Dataset content
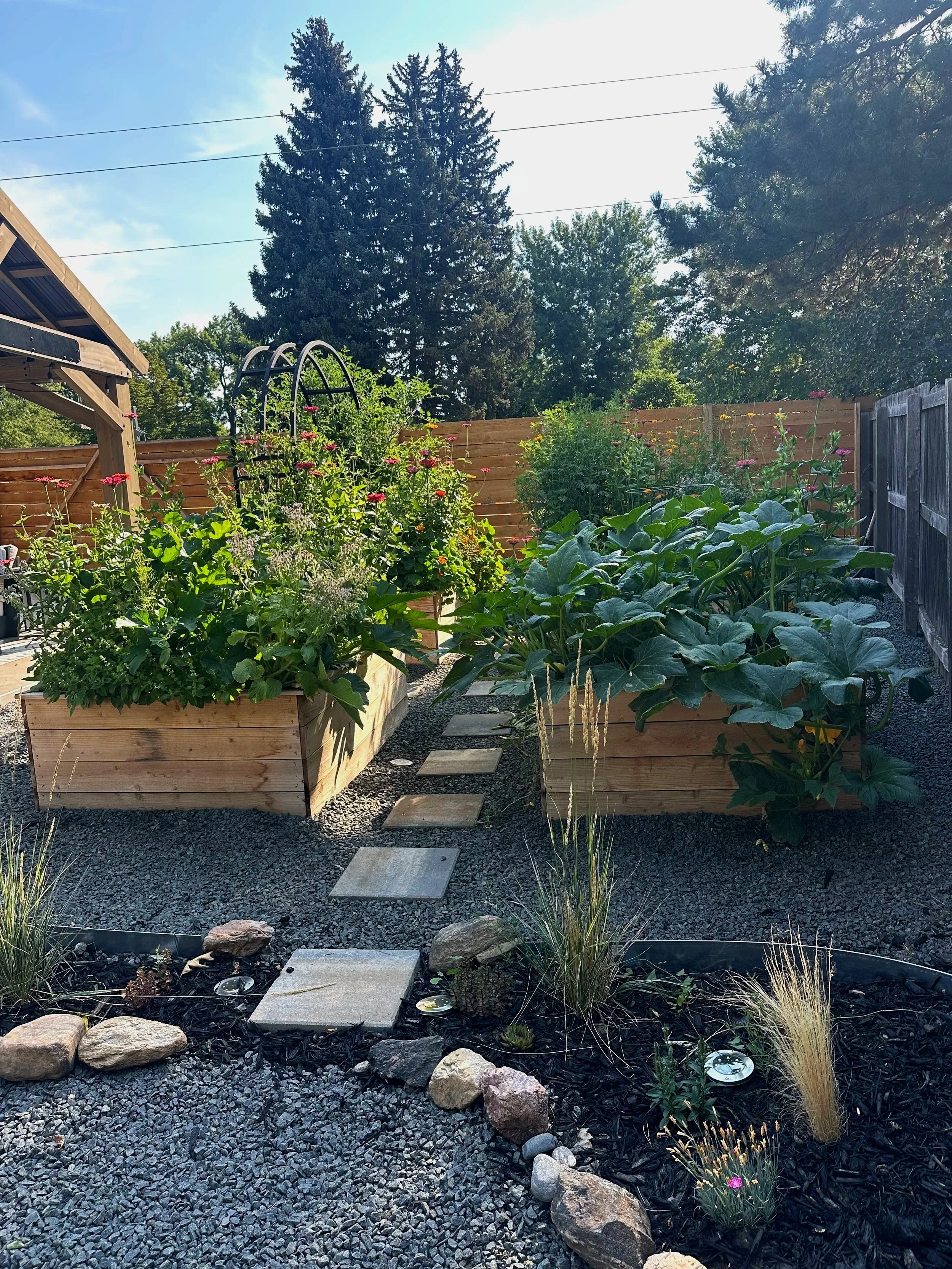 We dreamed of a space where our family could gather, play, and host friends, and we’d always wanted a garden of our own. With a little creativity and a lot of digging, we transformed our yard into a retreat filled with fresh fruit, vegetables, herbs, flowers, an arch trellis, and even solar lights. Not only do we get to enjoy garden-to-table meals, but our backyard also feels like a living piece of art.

--

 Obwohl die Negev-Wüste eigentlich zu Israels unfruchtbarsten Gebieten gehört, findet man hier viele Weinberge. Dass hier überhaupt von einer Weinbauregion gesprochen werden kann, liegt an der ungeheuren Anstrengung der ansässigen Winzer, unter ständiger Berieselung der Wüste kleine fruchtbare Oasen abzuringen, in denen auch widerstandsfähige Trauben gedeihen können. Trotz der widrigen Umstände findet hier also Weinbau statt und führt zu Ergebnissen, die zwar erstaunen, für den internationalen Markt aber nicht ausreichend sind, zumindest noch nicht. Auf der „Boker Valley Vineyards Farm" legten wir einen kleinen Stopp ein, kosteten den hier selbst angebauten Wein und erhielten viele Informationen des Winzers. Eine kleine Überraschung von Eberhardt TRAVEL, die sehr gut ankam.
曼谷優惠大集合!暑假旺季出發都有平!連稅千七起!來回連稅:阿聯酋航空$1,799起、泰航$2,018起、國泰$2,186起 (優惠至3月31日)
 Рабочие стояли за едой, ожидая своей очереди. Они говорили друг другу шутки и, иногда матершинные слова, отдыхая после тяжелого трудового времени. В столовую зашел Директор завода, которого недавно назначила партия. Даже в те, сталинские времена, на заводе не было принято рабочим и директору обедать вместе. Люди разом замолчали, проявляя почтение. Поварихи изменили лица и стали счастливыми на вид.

==

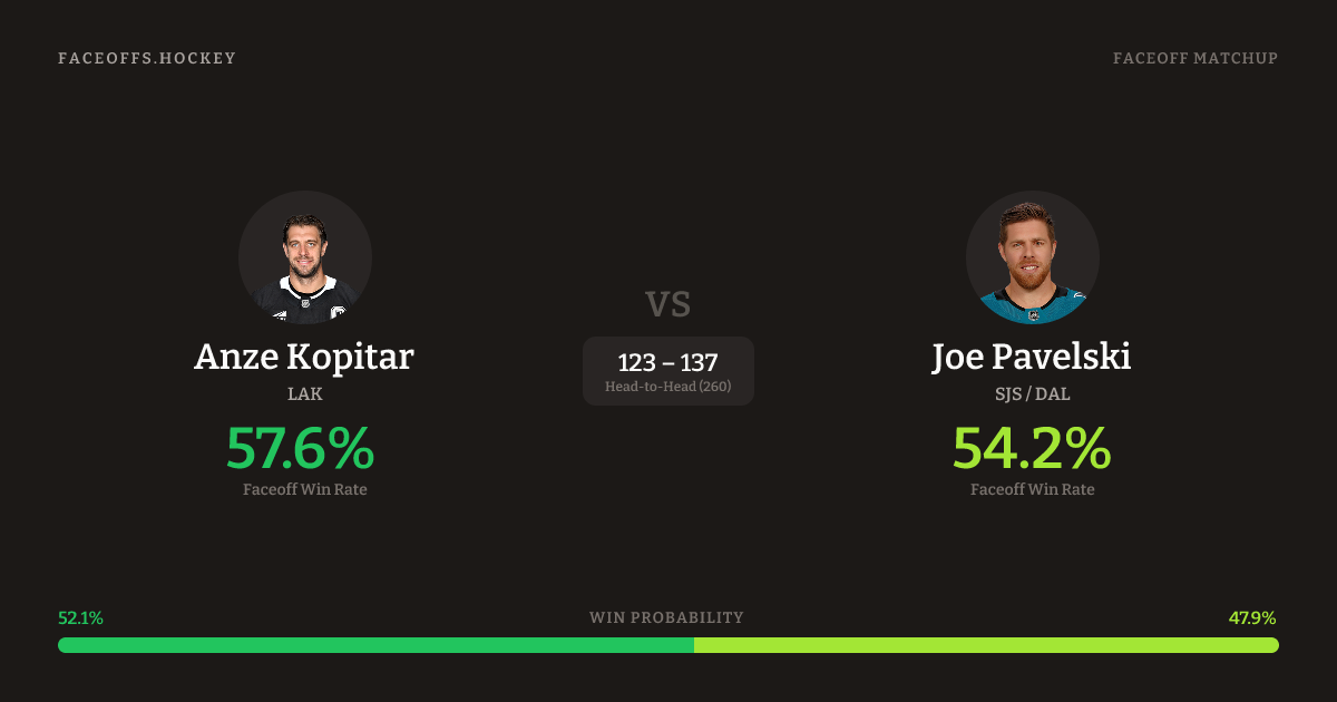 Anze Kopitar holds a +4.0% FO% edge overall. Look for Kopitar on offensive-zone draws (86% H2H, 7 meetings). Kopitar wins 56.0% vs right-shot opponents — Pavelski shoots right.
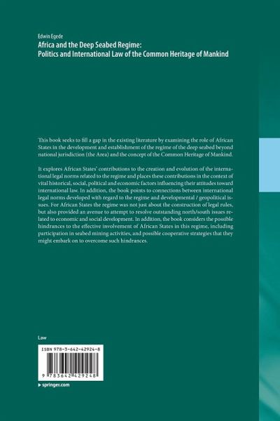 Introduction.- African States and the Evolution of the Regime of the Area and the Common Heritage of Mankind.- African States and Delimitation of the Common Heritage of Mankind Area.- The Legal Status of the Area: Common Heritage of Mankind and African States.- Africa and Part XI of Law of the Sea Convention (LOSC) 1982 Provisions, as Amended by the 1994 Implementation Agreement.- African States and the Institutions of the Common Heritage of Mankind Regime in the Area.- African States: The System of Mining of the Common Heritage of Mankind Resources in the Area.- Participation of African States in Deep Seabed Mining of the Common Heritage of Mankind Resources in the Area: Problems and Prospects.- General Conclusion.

Work to complete
Look above for the line holding "Anze Kopitar holds" and output everything from it down to the line holding "Introduction.- African States", both ends included, exactly and without images.

Answer to this task
 Anze Kopitar holds a +4.0% FO% edge overall. Look for Kopitar on offensive-zone draws (86% H2H, 7 meetings). Kopitar wins 56.0% vs right-shot opponents — Pavelski shoots right.
 Introduction.- African States and the Evolution of the Regime of the Area and the Common Heritage of Mankind.- African States and Delimitation of the Common Heritage of Mankind Area.- The Legal Status of the Area: Common Heritage of Mankind and African States.- Africa and Part XI of Law of the Sea Convention (LOSC) 1982 Provisions, as Amended by the 1994 Implementation Agreement.- African States and the Institutions of the Common Heritage of Mankind Regime in the Area.- African States: The System of Mining of the Common Heritage of Mankind Resources in the Area.- Participation of African States in Deep Seabed Mining of the Common Heritage of Mankind Resources in the Area: Problems and Prospects.- General Conclusion.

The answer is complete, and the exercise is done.